As I discussed with you in my 2012 post, the _physical_ abuse of a spouse or partner has been found to be strongly associated with BPD. I noted in that post that one of the first studies showing that link is a 1993 hospital study of spousal batterers. It found that nearly all of them have a personality disorder and half of them have BPD. Although I did not mention it to you then, I have since found a _*2008 study*_ and a _*2012 study*_ that also find a strong association between violence and BPD. 



> My wife is all about emotions, she acts how she feels.


If she has strong BPD traits, this behavior is to be expected. Because a BPDer never learned the skill of regulating her own emotions, she will frequently experience feelings so intense that she will be convinced they MUST be true. To a BPDer, then, intense feelings constitute self evident "facts" that you cannot dispel with logic or evidence to the contrary.



> She is very verbally abusive and has been for years. Name calling, raging, contempt, accusations, withholding affection and sex (we had sex about every 6 or 8 months for years).


Yes, those behaviors are warning signs for BPD. 



> I have hopes that my wife might come to some sort of epiphany.... that my wife would see her part in all this and see how her actions impacted me and my actions.

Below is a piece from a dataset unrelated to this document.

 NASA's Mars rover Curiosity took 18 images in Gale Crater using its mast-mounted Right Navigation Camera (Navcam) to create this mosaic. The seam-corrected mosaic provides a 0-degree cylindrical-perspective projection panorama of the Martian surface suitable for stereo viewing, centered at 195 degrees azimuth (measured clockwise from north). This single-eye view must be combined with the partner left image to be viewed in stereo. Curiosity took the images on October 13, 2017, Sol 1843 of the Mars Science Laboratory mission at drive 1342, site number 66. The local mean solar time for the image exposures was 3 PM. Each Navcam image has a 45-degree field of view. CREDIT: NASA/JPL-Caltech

If she is a BPDer (i.e., has strong BPD traits), I would be surprised if the chances of her doing that are as large as 1%. BPD is ego-syntonic, i.e., the thought distortions are invisible to the BPDer because she's been thinking in that manner since early childhood. It therefore is rare for a high functioning BPDer to have sufficient self awareness and ego strength to stay in a therapy program long enough to make a real difference.



> My wife interprets things very differently. For example, my dad comes over for Christmas and asks my son where he is working. That simple inquiry by a grandfather becomes something very different.

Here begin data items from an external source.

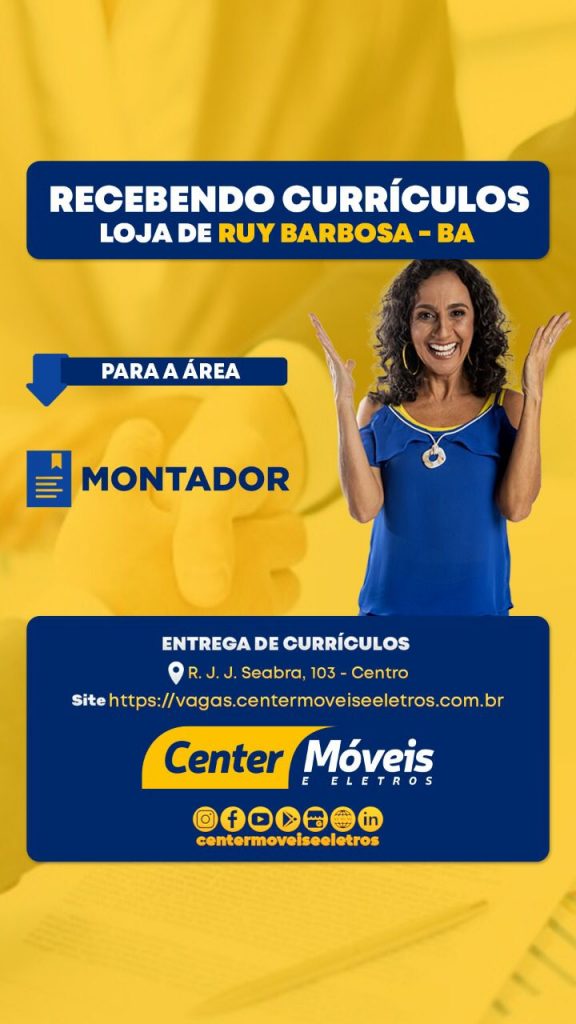 Os interessados devem entregar currículo na loja Center moveis localizada na rua J.J Seabra, 103, no Centro de Ruy Barbosa ou se cadastrar pelo site da empresa, clicando aqui.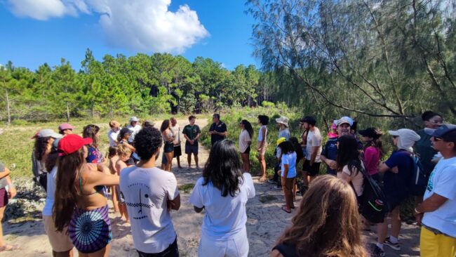 • Mais de 2.800 mudas de pinus — espécie exótica invasora — de médio e pequeno porte foram retiradas, abrindo espaço para a regeneração natural da vegetação nativa da restinga.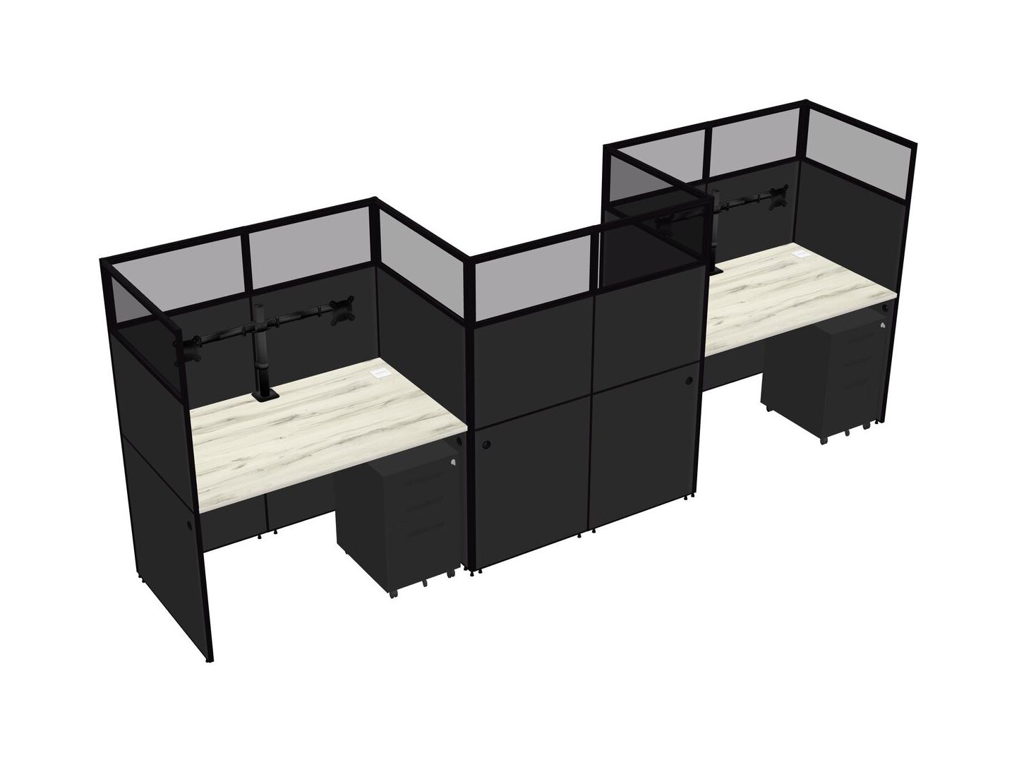 Heinne Holz Rectangular Cubicle Workstations For 3 - Zigzag Formation + Black Metal Mobile Drawers

There is a reason BPD is called a "thought disorder." As I said above, the BPDer's inability to regulate her own emotions results in such intense feelings that her perception of other peoples' intentions and motivations is distorted. Of course, everybody on the planet experiences these thought distortions every time we get very angry or very infatuated with someone. And, when that happens, our judgment goes out the window because it is distorted by the intense feelings. 

BPDers, then, differ from the rest of us only in degree. They experience these distortions far more frequently and more intensely due to their inability to regulate their emotions. Simply stated, a high functioning BPDer typically has the emotional development of a four year old.



> I can’t live the rest of my life the way I have lived the past 20 years. I am 56, she is 48.


I understand all too well. I divorced my BPDer exW when I was 62. During one of her rages, she had called the police and had me arrested on a bogus charge of "brutalizing" her. Because it was done early on a Saturday morning, I was in jail for nearly 3 full days before I could go before a judge in arraignment. By then, my exW had obtained a R/O barring me from returning to my own home for 18 months -- the time it takes to get a D here in this State.



> Any input or advice would be appreciated. Is this salvageable or am I wasting my time?


If you are still reluctant to divorce your abusive W, I would suggest you see a psychologist -- for a visit or two all by yourself -- to obtain a candid professional opinion on what it is you are dealing with. It is important to see YOUR OWN psychologist -- one who has not seen or treated your W -- because he will be ethically bound to protect YOUR best interests, not hers. 

I also would suggest that, while you're looking for a good psych, you read about BPD warning signs to see if they seem to apply. I caution that BPD is a "spectrum disorder," which means every adult on the planet occasionally exhibits all BPD traits to some degree (albeit at a low level if the person is healthy). At issue, then, is not whether your W exhibits BPD traits. Of course she does. We all do. 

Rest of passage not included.